Commentary on 1 Corinthians 1:1-9
If preachers follow the Revised Common Lectionary religiously, they will encounter this passage twice: this week and on the first Sunday of Advent in Year B. If preachers pass up the Year B opportunity to preach from the Advent themes represented in the Old Testament and Gospel lessons, they will see today’s passage once in three years, the last time, therefore, being January 2020. Furthermore, the second through the fifth Sundays after Epiphany offer one of the few four-week continuous readings from the epistles, I Corinthians 1:1-2:12 (13-16).
What is Paul doing in these two chapters that testify to what God is doing in the world?
Four themes are offered for consideration as a sermon series; preachers might focus on any one or two of the themes or use the four consecutively on the second-fifth Sundays after Epiphany.
Called to be saints together
How is Christ made manifest in our midst when we are called together with those who practice the faith differently, or who make theological claims we strongly disagree with, or live out their faith in ways that offend us? The last three years have caused and revealed divisions not only in the body politic, but in the church as well. Where can we begin to have conversation and build bridges with other expressions of the Christian faith in order to maintain the unity of the Spirit in the bond of peace (Ephesians 4:3)?

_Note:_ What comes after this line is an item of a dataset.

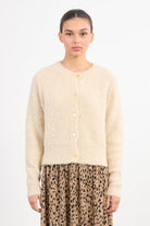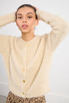 A SWEET SWEATER TO WEAR ALONE OR LAYER. THIS CARDIGAN IS A TEXTURED KNIT, HAS LONG SLEEVES AND SIMPLE GOLD BUTTON CLOSURE. RIBBED FINISH ON THE NECKLINE, CUFFS AND HEM.

It is not to one cell in Corinth in the body of Christ that Paul addresses this letter. It is together with all those in every time and place who call on the name of the Lord Jesus, both their Lord and ours. In traditional use of the third person plural pronoun, an “us-them,” “ours-their” dynamic is often created. Paul uses “their Lord” to unite us, not divide us, with all those who call upon the name of the Lord Jesus. This puts us squarely in the same boat as those with whom we vehemently disagree. Disagreement leads to fear, specifically fear of losing one’s way of life. We hang onto tiny churches that are no longer viable, and we cling to the dominance the Christian, if not Protestant, tradition once had in American culture. We confuse, if not blend, Christian faith and discipleship with politics, we vote our fears, we tire of clinging to a way of life that is slipping from our grasp. We attribute our human limitations to God. And we talk about “we” here because “we” cannot separate ourselves from anyone else in the body of Christ. This passage refutes our fear of one another. We are them.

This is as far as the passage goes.